Начиная с этого дня вдову оставили в покое. Она разродилась слабеньким ребенком, который был такой же, как другие дети, за исключением одной детали: у него были пустые глазницы.
Зато он был необыкновенно умен. Понесли его крестить. Когда вернулись с ним на ферму, он заговорил, как взрослый, и рассказал матери, сколько стаканов и какие ликеры выпили в сельской таверне люди, которые были на крещении. Услышав это, все присутствующие оторопели. Они поняли, что у ректора были основания говорить так, как он говорил. И с этой минуты только и толков было в округе, что о новорожденном из Кераннью.
Вечером того дня, когда он родился, люди увидели, как пришел Старик, который не появлялся на ферме после того случая с блином. Не то чтобы он ушел. Его видели не раз в окрестностях, в заброшенных местах. Иногда показывалась голова за окном. Но он больше не переступил порога.

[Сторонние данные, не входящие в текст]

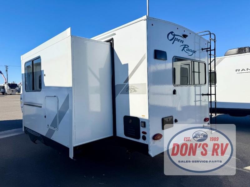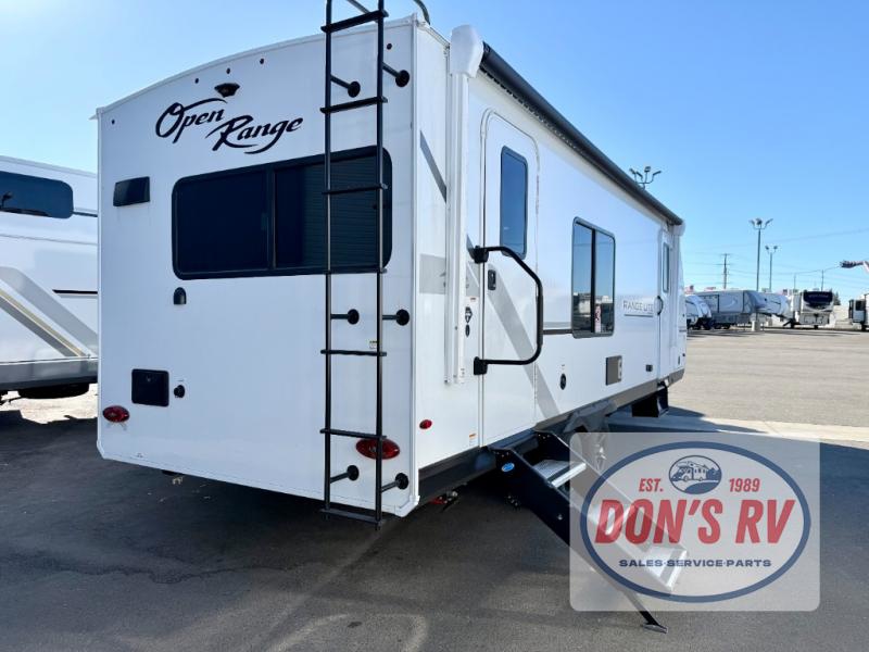 With any Range Lite travel trailer by Open Range RV, you will enjoy comfort and convenience at every turn! Each one is built with vacuum bonded sidewalls with interior and exterior Azdel, a 2" TuffShell floor, and front diamond plating to help protect against rock and debris on the way to the campground. The Xtend l Solar Package includes a 200-watt solar panel with a 30-amp solar controller for off-grid capabilities, and you're sure to appreciate the tankless water heater onboard for endless hot showers. Head inside to enjoy residential cabinetry with large doors and drawers, roller shades with radiant barrier backer, Invision kitchen appliance package, and many more comforts! Choose the optional Legacy Package for a molded front cap, 5-point power stabilization system, solid surface countertops, and more optional features to further customize your travel trailer!

Тем вечером он занял свое место у очага, с той стороны, где была колыбель, возле кровати матери. Там он проводил дни и ночи. Когда ребенок плакал, он торопился к нему, чтобы его укачать, — этого он никогда не делал, когда был жив. Поэтому его движения были немного резкими. Иногда он нажимал на край колыбели, словно на рукоять плуга. И тогда ребенок его приговаривал:
— Потише, потише, потр-коз!
Ребенок прожил семь месяцев. Он прекрасно говорил и, казалось, все видел, несмотря на пустые глазницы.
Однажды утром его нашли мертвым на кушетке. Старик проводил его до кладбища и с этого времени больше не давал о себе знать. Говорят, что он ждал, когда ребенок отведет его за руку в рай.
Старый прядильщик пакли
Это было в Керибо, в Пенвенане, в двухэтажном доме. Я со своей женой и детьми занимал нижний этаж. А на верхнем этаже жил старик, по профессии — прядильщик пакли.
Старик этот скоро умер.
Тогда я был тем же, что и сегодня, — бедным сельским портным, исключая лишь то, что в те времена я был молод, энергичен и в работе у меня никогда не было недостатка. Наоборот, чаще бывало, что я даже не знал, за что взяться в первую очередь. Приходилось проводить за шитьем большую часть ночи. Жена моя, вязальщица, составляла мне компанию. Укладывали детей мы рано и занимались, каждый в своем углу, своим делом.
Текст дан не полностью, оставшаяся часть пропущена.